フィードフォワードのために入力される情報は、ステアリング操舵角、ヨーレート、横G、タイヤグリップレベル、車両の荷重移動量など多岐にわたる。コーナリング中にグリップが低下する兆候を検知すると、トルク配分、回生制御、ブレーキ制御、空力システムが統合的に制御され、安定性と旋回性能を最大化する。
走行モードは、ハイブリッド、バランス、ダイナミック、ダイナミック+を選択でき、さらにサーキット走行用の「トラックモード」はトラクションコントロールをオフにすることができる。
革新的ボディ構造
ボディ構造は、アウディ伝統のASF(Audi Space Frame)を大幅進化させた新世代構造を採用。ほぼすべてのアウターパネルはカーボンファイバー製としている。基本骨格はランボルギーニ テメラリオと共通化されているが、デザイン表現はまったく異なる方向性だ。
カーボン・アウターパネルにはF1由来のプリプレグオートクレーブ成形技術が投入されている。
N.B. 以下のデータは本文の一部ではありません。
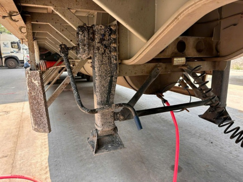 Lực lượng chức năng phát hiện bên dưới xe đầu kéo được gia cố thêm một thùng kim loại, chứa hơn 1.200 lít dầu diesel. Ảnh: Anh Tuấn |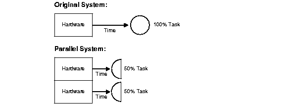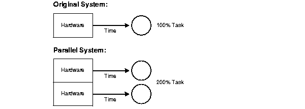 Speed-up is the extent to which more hardware can perform the same task in less time than the original system. With added hardware, speed-up holds the task constant and measures time savings. Figure 8-2 shows how each parallel hardware system performs half of the original task in half the time required to perform it on a single system.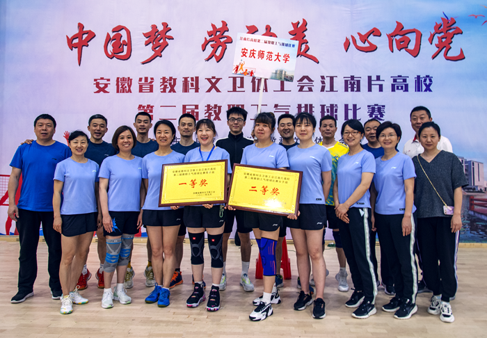 5月15日至16日,安徽省教科文卫体工会江南片高校第二届教职工气排球比赛在安徽师范大学举办,来自江南片十余所高校代表队参加比赛。永利官网教工代表队获得男子组一等奖和女子组二等奖的好成绩。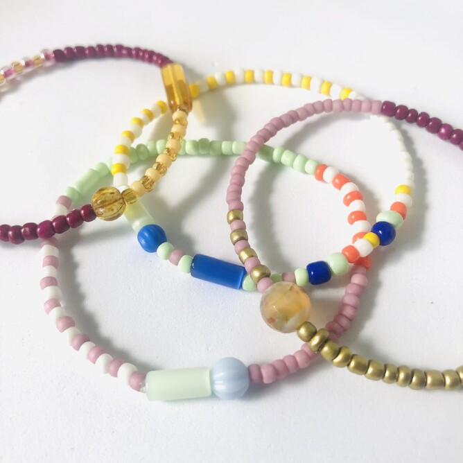 Pretty stretch bead bracelets. Gorgeous stacked on your wrist. They come two per card, and are $45.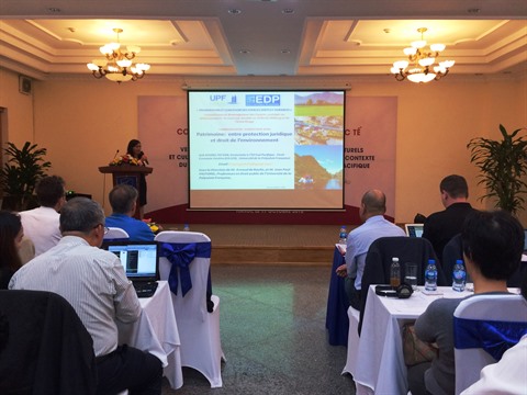 | La doctorante Hoàng Thi Vân Anh (de l’Université de la Polynésie française) prononce une intervention sur le patrimoine, entre protection juridique et droit de l’environnement. |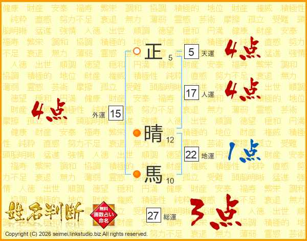 正晴馬さんの総運は27画の3点!
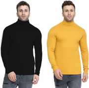 Christone Solid Men Turtle Neck Black, Grey T-Shirt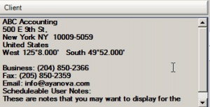 Contact information about the Client, including schedulable user notes are displayed immediately below of the Client button.

このカーボン・パネルにより応力外皮構造が実現し、軽量化、高剛性化、高精度なフォルムが可能になっている。
カーボンを使用することで複雑なエアロダイナミクス形状やSダクト(フロントの底面気流をボディ上面に排出する通気システム)構造まで一体形成が実現している。
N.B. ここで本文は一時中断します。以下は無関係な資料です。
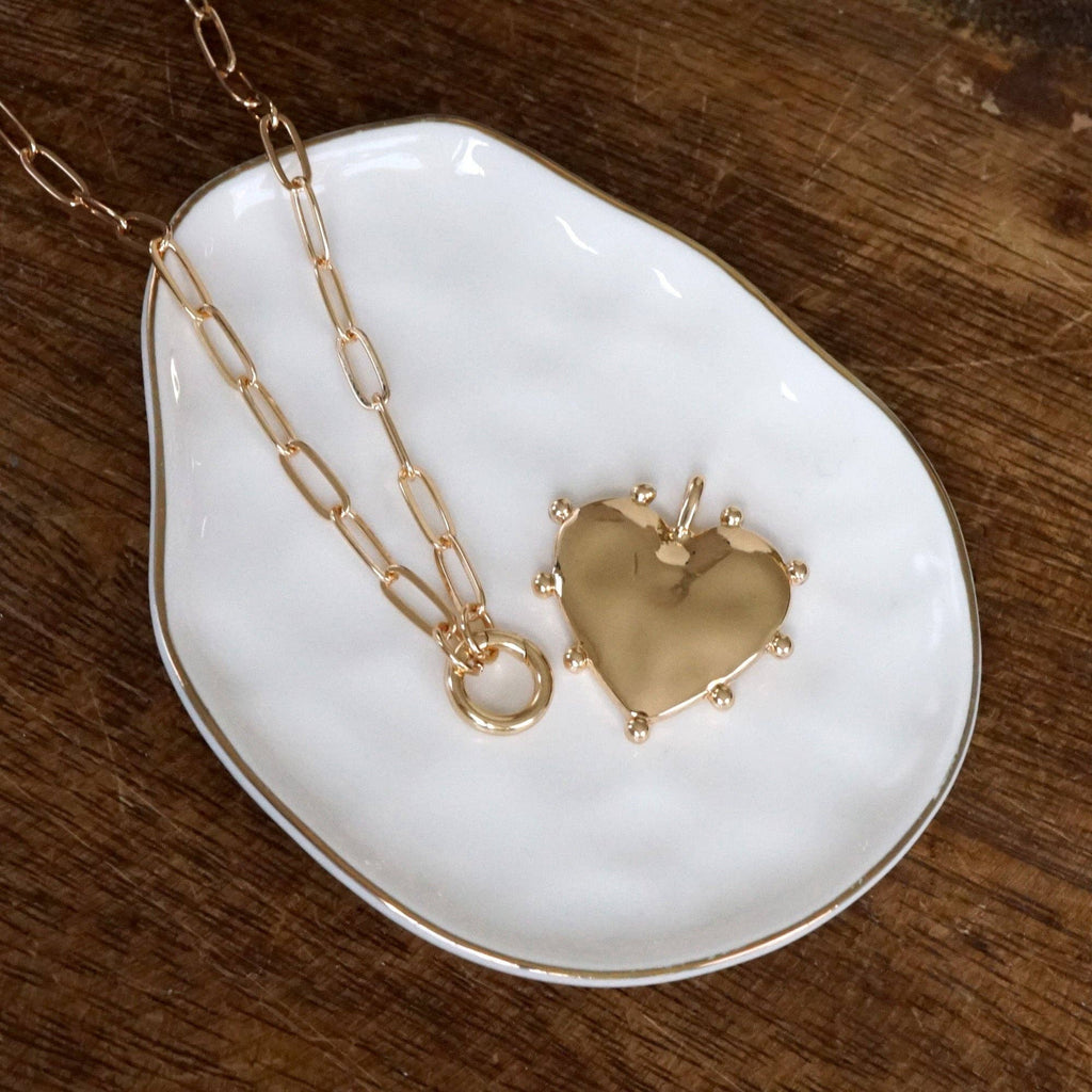 Modern Spiky Heart Paperclip Necklace - Gold Tone A bold and modern statement piece, this necklace features a spiky heart-shaped pendant that effortlessly blends edgy design with elegance. The openable pendant jump ring allows for versatile styling, making it a unique addition to your jewelry collection. Details: * 15" paperclip chain + extender * 1.25" interchangeable hammered spiky heart pendant * Openable pendant jump ring for versatile styling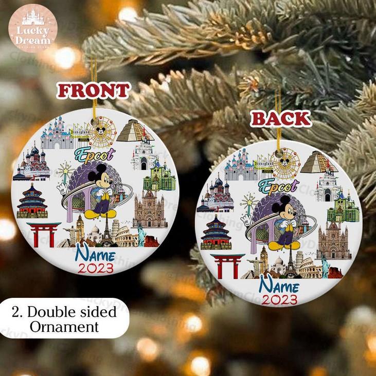 Introducing our Personalized Name Mickey Mouse Epcot Ornament, a must-have addition to your Disney Christmas collection! Made with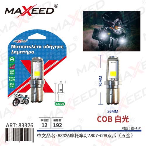 Item No:83326 Product name:83326 Motorcycle Lamp A807-COB Double Claw Color |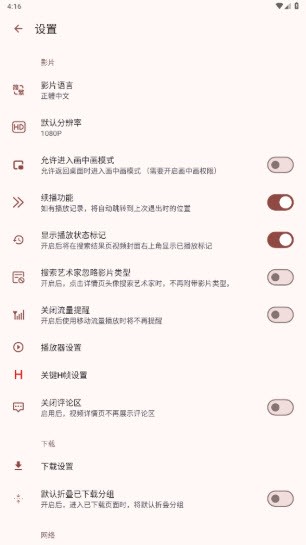 3、在设置页面还可以进行各种细化分的设置,如默认分辨率、下载设置等。

「ヌヴォラーリ」はは空力技術も革新的だ。アクティブ・エアロシステムの中心には、オフモード、ローダウンフォース、ハイダウンフォースという3段階のモードを持つ可変式リヤウイングが装備されている。
通常走行ではオフモードでで空気抵抗を最小化し、高速域ではローダウンフォースへ移行し、最高速度と安定性を両立。さらにブレーキング時や高速コーナリング時にはハイダウンフォース・モードとなり、この段階では400kg以上のダウンフォースを発生する。
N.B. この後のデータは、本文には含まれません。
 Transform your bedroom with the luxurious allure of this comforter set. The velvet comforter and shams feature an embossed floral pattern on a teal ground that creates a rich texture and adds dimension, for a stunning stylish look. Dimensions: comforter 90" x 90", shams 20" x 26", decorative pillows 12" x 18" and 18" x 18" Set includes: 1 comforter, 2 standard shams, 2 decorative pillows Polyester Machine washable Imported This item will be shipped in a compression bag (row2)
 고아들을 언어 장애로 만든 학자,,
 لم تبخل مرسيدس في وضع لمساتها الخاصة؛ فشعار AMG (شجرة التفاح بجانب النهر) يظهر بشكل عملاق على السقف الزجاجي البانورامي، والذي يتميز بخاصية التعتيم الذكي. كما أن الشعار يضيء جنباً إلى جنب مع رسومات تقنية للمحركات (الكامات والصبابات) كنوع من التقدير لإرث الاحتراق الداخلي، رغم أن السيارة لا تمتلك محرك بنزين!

さらにF1で採用されているDRS(ドラッグ・リダクション・システム)も搭載。ステアリングホイール上のスイッチ操作によりウイング角度を変更し、空気抵抗を低減することができる。
インテリア
インテリアは、徹底したドライバーオリエンテッド設計である。ユーザー・インターフェースは、重要情報のみを前方へ集約、2次情報を背景へ配置し、操作系は物理スイッチとデジタル表示の融合が図られている。

インテリアのデザインテーマは1930年代のアウディのブランドの原点である伝説的レーシングカー「アウトウニオン Type C」だ。シートは軽量なカーボン構造を採用し、高Gでのサポート性と快適性を両立させている。

アウディの送り出した「ヌヴォラーリ」は、これからのアウディのデザイン哲学と技術哲学を示すシンボルといえるだろう。